**Your instructions:**
Once you reach the line with "Компрессорный автохолодильник Meyvel" below, copy each line exactly, stopping after the line with "薄手で着やすいブラウスです。", and skip any pictures.

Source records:
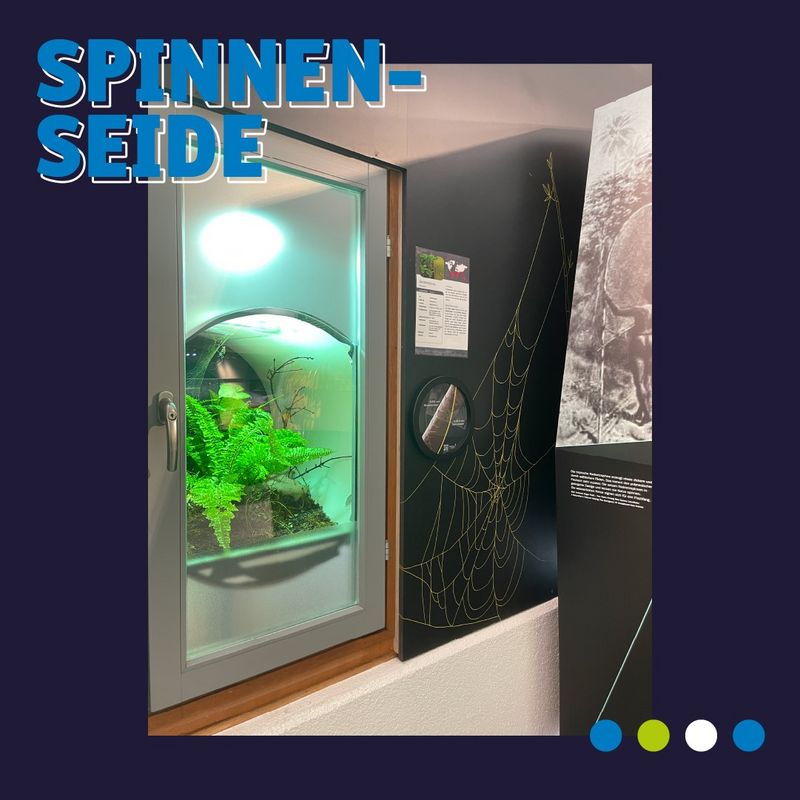 Spinnenseide ist reißfester als Stahl - obwohl sie dünner als ein menschliches Haar ist! Dank der Raster-Elektronen-Mikroskop-Aufnahme von nanoscopic (Hochschule Ansbach) können diese Dimensionen nun im Bionicum Nürnberg betrachtet werden.
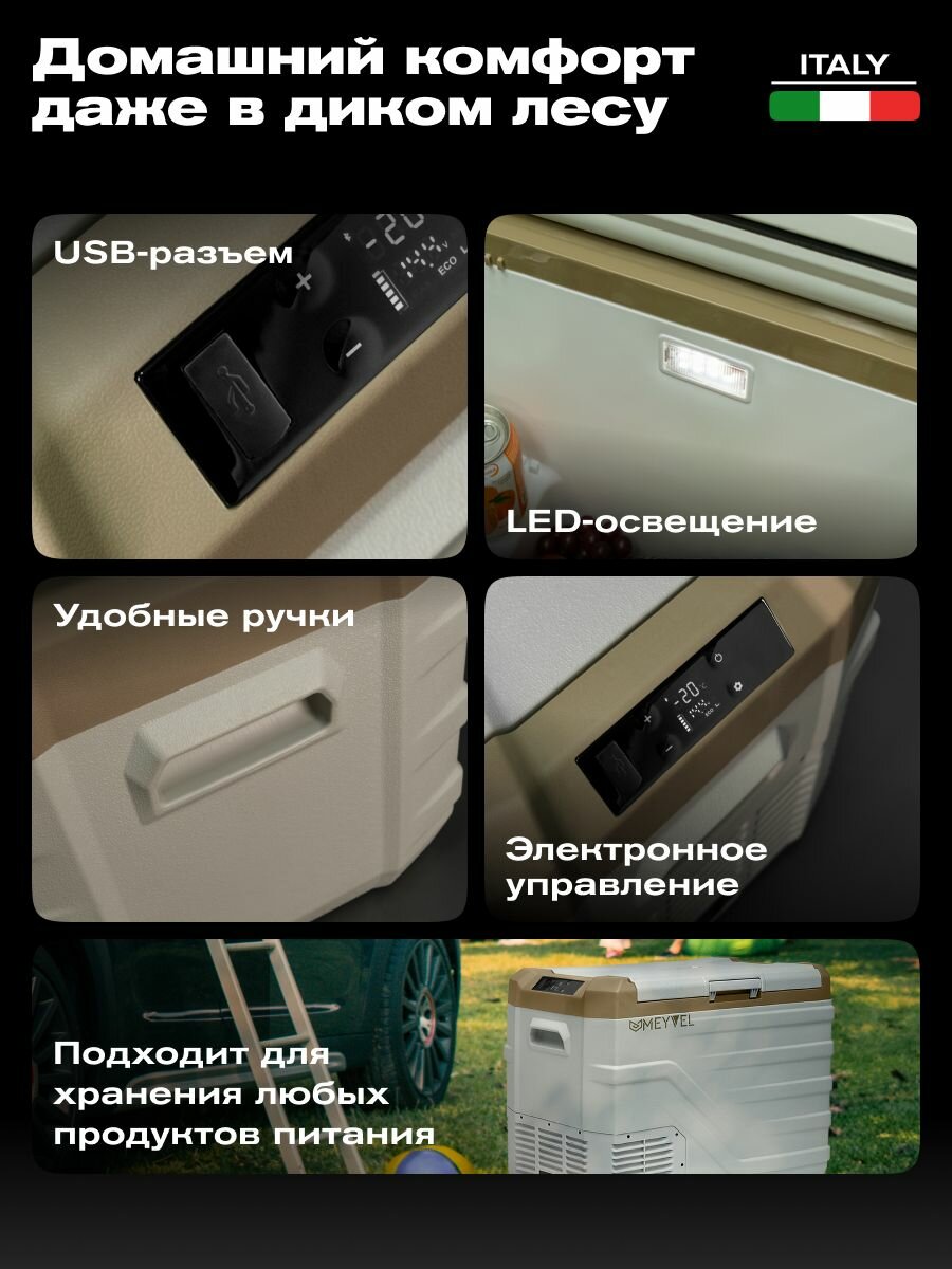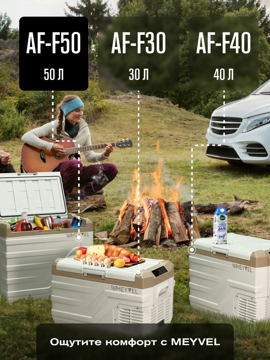 Компрессорный автохолодильник Meyvel AF-F50 - 1 шт. Кабель питания 12/24 В - 1 шт. Инструкция пользователя - 1 шт.
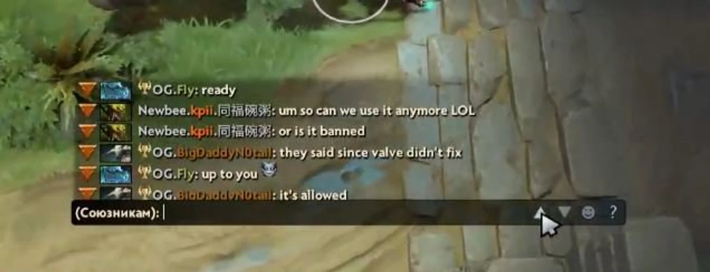 Судя по вопросу из диалога от kpii, игроки Newbee точно знали, что они делают. Представьте, что OG не останавливают игру, Moogy прибегает на нижнюю линию и помогает команде забрать героя противника. Разве это было бы честно?
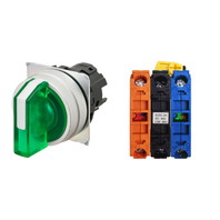 Selector Switch (22-dia.), Lighted, 3-position, Brushed metal bezel, Automatic reset on left, Operation unit color: Green (Transparent), IP66, Screw Terminal Block, Contacts: NO/Lighting Unit/NC, LED lamp color: Green, LED Lamp voltage: 200/220/230/240 VAC
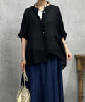 薄手で着やすいブラウスです。二の腕、お腹、お尻もカバーできるブラウスなのでぽっちゃりさんの味方です。
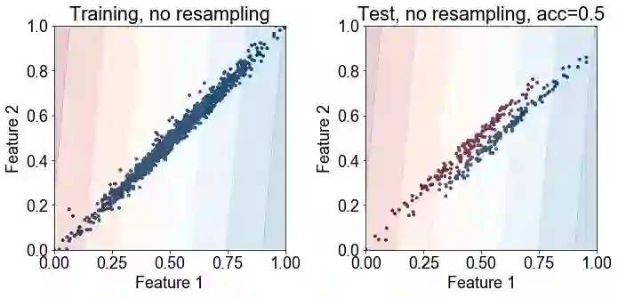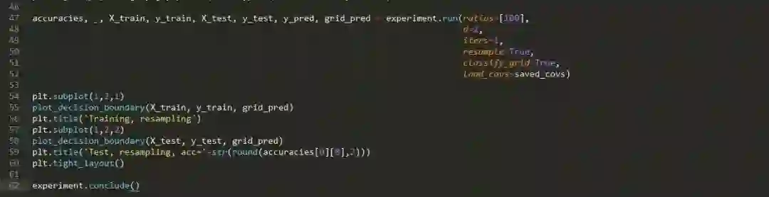 讨论: 重采样法对提高分类正确率有显著的影响,这可能有点让人惊讶了,因为它并没有将分类器展示少数类中的新训练的样本。但该图显示,重采样法足以“助推(nudge)”或将决策边界推向正确的方向。在重采样法不是有效的情况下,那么可能需要复合方式来合成新的训练样本,以提高正确率。

**Solved problem:**
 Компрессорный автохолодильник Meyvel AF-F50 - 1 шт. Кабель питания 12/24 В - 1 шт. Инструкция пользователя - 1 шт.
 Судя по вопросу из диалога от kpii, игроки Newbee точно знали, что они делают. Представьте, что OG не останавливают игру, Moogy прибегает на нижнюю линию и помогает команде забрать героя противника. Разве это было бы честно?
 Selector Switch (22-dia.), Lighted, 3-position, Brushed metal bezel, Automatic reset on left, Operation unit color: Green (Transparent), IP66, Screw Terminal Block, Contacts: NO/Lighting Unit/NC, LED lamp color: Green, LED Lamp voltage: 200/220/230/240 VAC
 薄手で着やすいブラウスです。二の腕、お腹、お尻もカバーできるブラウスなのでぽっちゃりさんの味方です。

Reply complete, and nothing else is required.